The UK government has “abandoned” Morad Tahbaz, an environmental campaigner held in Iran, his daughter said on Wednesday, a month after two other UK-Iranians were freed and returned.
Tahbaz, 69, who holds British, US and Iranian citizenship, remains in prison in Tehran while Nazanin Zaghari-Ratcliffe and Anoosheh Ashoori flew home in March after the UK government repaid a historic debt to Tehran.
The British government “led us to believe all this time that he was to be a part of any deal they were making for the other hostages,” Roxanne Tahbaz told AFP as she protested outside Britain’s foreign office in London.
“Yet he’s still there. He’s been abandoned by his government. And we have still yet to have any answers for that and a plan forward,” she said, holding a poster reading “Bring My Dad Home”.
Britain’s foreign ministry told Tahbaz’s family that when the other hostages were released, Iran had agreed to free Tahbaz on unrestricted curfew.
But Roxanne said that her father, who has been treated for cancer, was returned to Tehran’s Evrin prison within 24 hours of his partial release.
Officials from Foreign Secretary Liz Truss’s ministry have said that Tahbaz’s London-born father’s case was different because of his US nationality.
“The foreign office said that his situation was more complicated because the Iranians saw him as an American citizen,” Roxanne said.
“But we felt strongly that it wasn’t up to them actually, the UK should have stood their ground, he’s a British citizen. He was born here and that should have protected him.
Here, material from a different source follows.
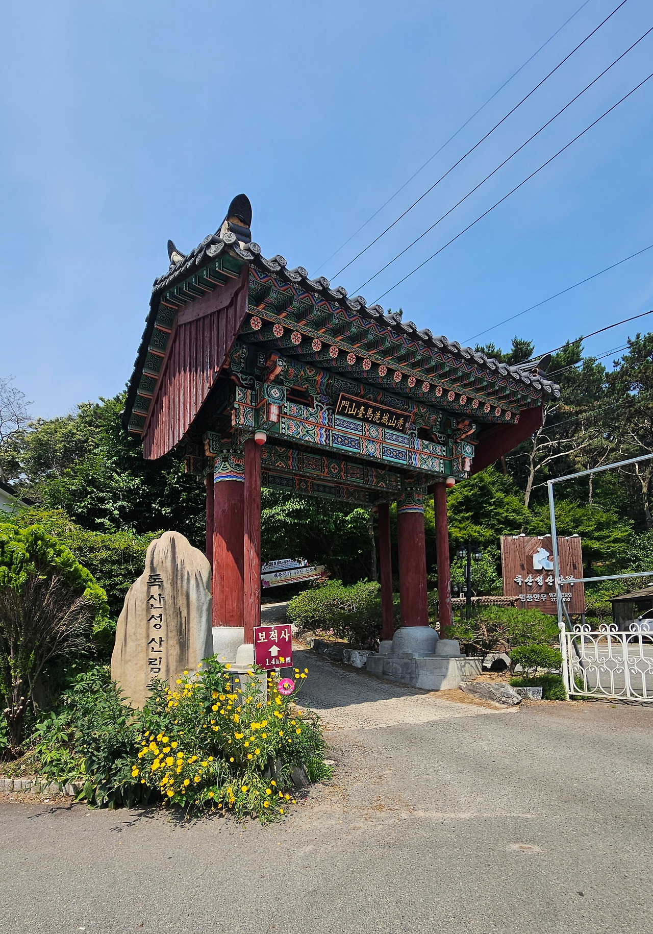 평일 아침나절이라 그런지 산성으로 오르는 길에 마주치는 사람은 몇몇 뿐이고 간간이 차량이 포장도로를 스쳐 지난다. 입구에서 500여 미터쯤 오르자 독산성과 양산봉 갈림길 이정표가 산성 남문까지 390미터라고 알린다. 좌우 양측으로 비탈과 간이 주차장을 낀 나무데크 길이 산성 위로 인도한다.

“We’ve been patient for four years, and quiet, just as advised, but we can’t wait any more,” she said.
Campaigners are also calling for British-Iranian labour rights activist Mehran Raoof, who was detained in October 2020, to be freed.
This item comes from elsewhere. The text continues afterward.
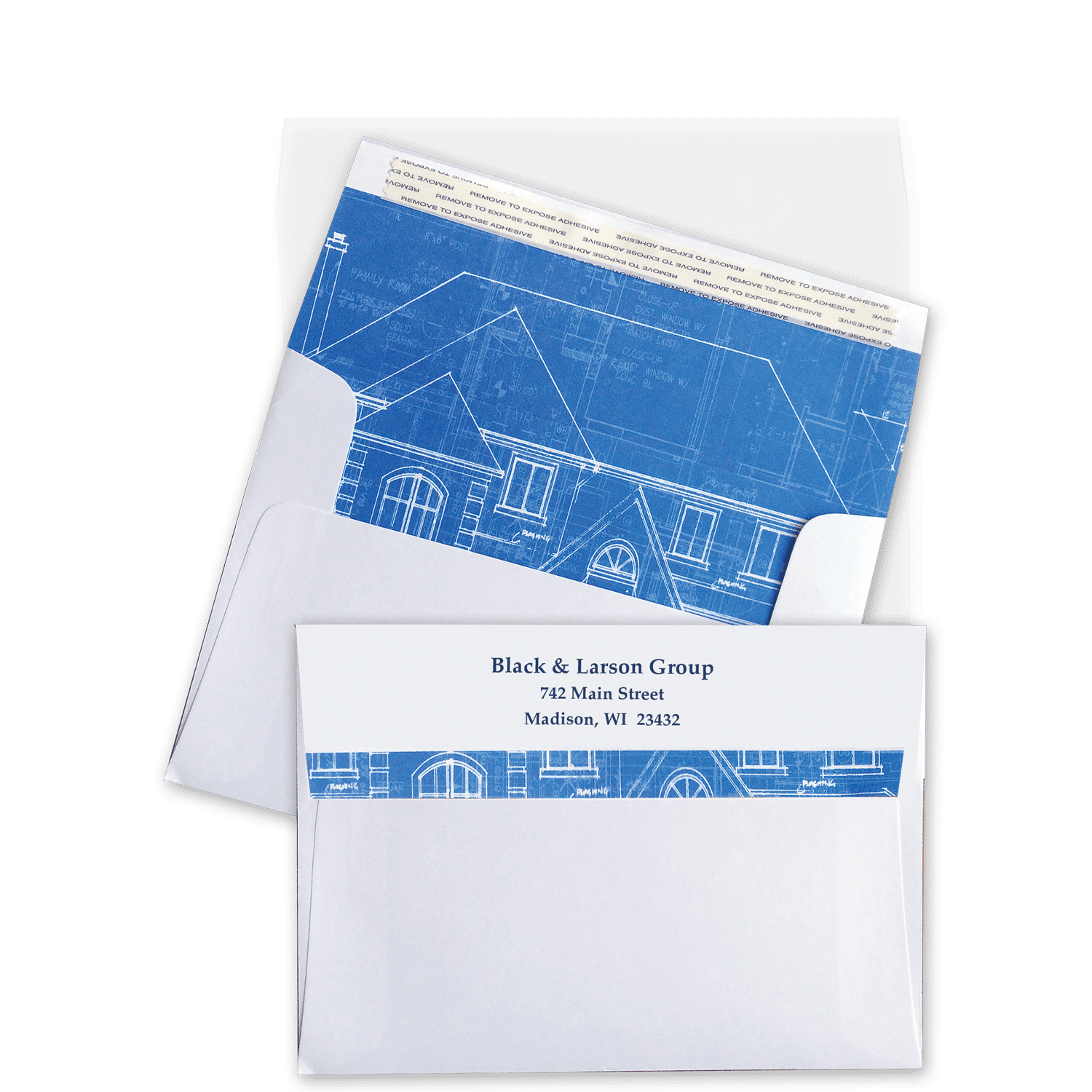 A subtle strip of blueprint hints at your profession on the back flap of these self sealing envelopes printed with your return address. Opens to reveal more blueprint!

Amnesty International’s Sacha Deshmukh said he was at the protest outside Truss’s office “to send a message to the British government and to the foreign secretary that no one should be left behind.”
“The important thing for us to remember, whether it’s Mehran or Morad, or indeed Nazanin or Anoosheh when they were in prison before, is that we’re talking about ordinary people,” Amnesty UK’s CEO Deshmukh told AFP.
“They have nothing to do with politics. They have nothing to do with governments. These are ordinary people, ordinary British nationals who are held and our government needs to focus on their return,” he said.